Filesystem Backup Client

Chunker is a flexible program designed to push local files on the cluster to Google Drive in a speedy manner. The following is a simple tutorial designed to introduce users to using the ‘chunker’ program to backup files. In this demo, I will only be covering how to upload a filesystem to the cloud and then how to restore it. Before starting we should highlight some of the benefits of using the chunker client for backups:

  1. Unlimited space. Google Drive offers unlimited space so you can backup as much data as you want and do it as many times as you want (if you have the time)
  2. Easy to use. The chunker client operated completely off of the command line so it’s a lot easier to upload a filesystem to the cloud.
  3. Multi-threading. The chunker client is multi-threaded and can achieve fast upload speed (we recommend you use the same number of threads as available cores on a node).
  4. Rsync-like. The chunker client operates very similarly to an rsync in the sense that it will not re-upload any files that have been unmodified.

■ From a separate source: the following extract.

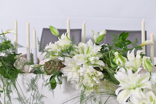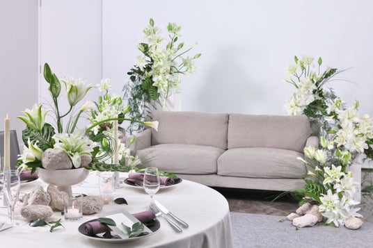 「ナチュラルノーブル」のテイストを採用。 バラに代わる新しい選択肢として、洗練されたスタイルを好むお客様へ、シンプルながらも存在感のある空間を提案します。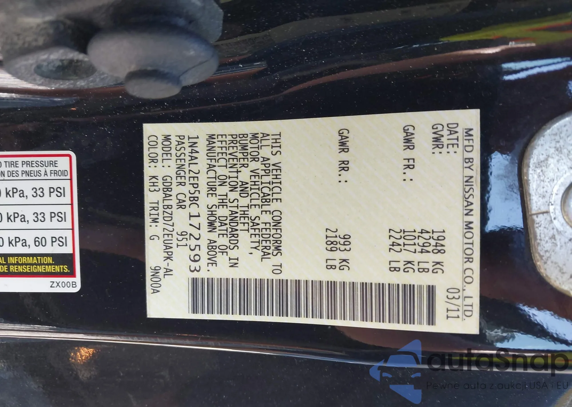 • VIN 1N4AL2EP5BC172593

With that said, let’s get started. First, to access the chunker program, a user should load the following module:

$ module load chunker/v1.0

To get usage information on chunker, simply type the command ‘chunker’ without arguments or use the ‘chunker help’ feature:

$ chunker

               COMMANDS: 
               chunker upload [OPTIONS...] [DIR]
               chunker download [OPTIONS...] [WRITE-DIR] [DIR]
               chunker ls-all [DB-NAME]
               chunker help [COMMAND]

              GENERAL OPTIONS:
                -s [mode]
                  determines storage location: box, drive (default)
                -m [db]
                  specify the database file to write to/read from
                -v, --verbose
                  more verbose output from chunk
              UPLOAD OPTIONS:
                -t [# of threads]
                  request threading with specified total threads spawned 
                -e, --encrypt
                  enable encryption
                -c [size]
                  chunk all files into [size] byte chunks

In this demo we will be focusing on the folder gobbert_user, a typical user’s directory containing folders related to research and presentations:

$ ll gobbert_user
total 0
drwxrws--- 5 slet1 pi_gobbert 83 Sep 7 16:34 papers
drwxrws--- 5 slet1 pi_gobbert 86 Sep 8 01:20 poster
drwxrws--- 5 slet1 pi_gobbert 86 Sep 8 01:20 slides
$ ll gobbert_user/papers/
total 12
drwxrws--- 2 slet1 pi_gobbert 90 Jun 26 2015 hello
-rw-rw---- 1 slet1 pi_gobbert 1659 Jun 8 08:50 README
drwxrws--- 7 slet1 pi_gobbert 4096 Sep 8 01:22 REU2016Team5
drwxrws--- 2 slet1 pi_gobbert 4096 Jul 29 17:36 sample
...

To backup this folder we will be using the ‘upload’ command with the chunker tool. To better explain the syntax of the ‘upload’ command, we can use the ‘help’ command to view a more detailed instruction page:

$ chunker help upload

              Usage: chunker upload [OPTIONS...] [DIR]
            
              Command to chunk all files in a given directory

              [DIR]        - directory to be uploaded

Following the syntax of the ‘upload’ command our final command would look something like this, where gobbert_user is the directory we want to upload:

$ chunker upload gobbert_user

To better understand what the ‘chunker’ tool is doing, we might also want to include the verbose option. Thus our command will be modified to look like, please notice where the option is placed between the ‘upload’ command and its arguments:

$ chunker upload --verbose gobbert_user

Now this command will function correctly and upload the gobbert_user directory, but it will write all meta-data locally to a database which is named by default meta.db. This is not particularly descriptive which might be problematic when we try to restore data in the future, so we will instead name it gobbert_user-db. To do this we will add the ‘-m’ option, modifying our command to look like:

$ chunker upload --verbose -m gobbert_user-db gobbert_user

Now that our command is to our liking, we can go ahead and run the chunker tool, which will backup all of the folder’s contents. However, before we move on, there are a few things the user should know about the chunker tool:

  1. chunker will not upload empty files or symbolic links to Google Drive. It will maintain a record of them and restore them, but they will not appear in Google Drive.
  2. chunker has difficult encoding binary files (i.e. object files, executables, tarballs, etc.), while it will upload them there may be corruption when they are reconstituted.
  3. chunker does not follow symbolic links within the directory being uploaded. As mentioned before it will store symbolic link information and restore them, but it will not upload anything within the link.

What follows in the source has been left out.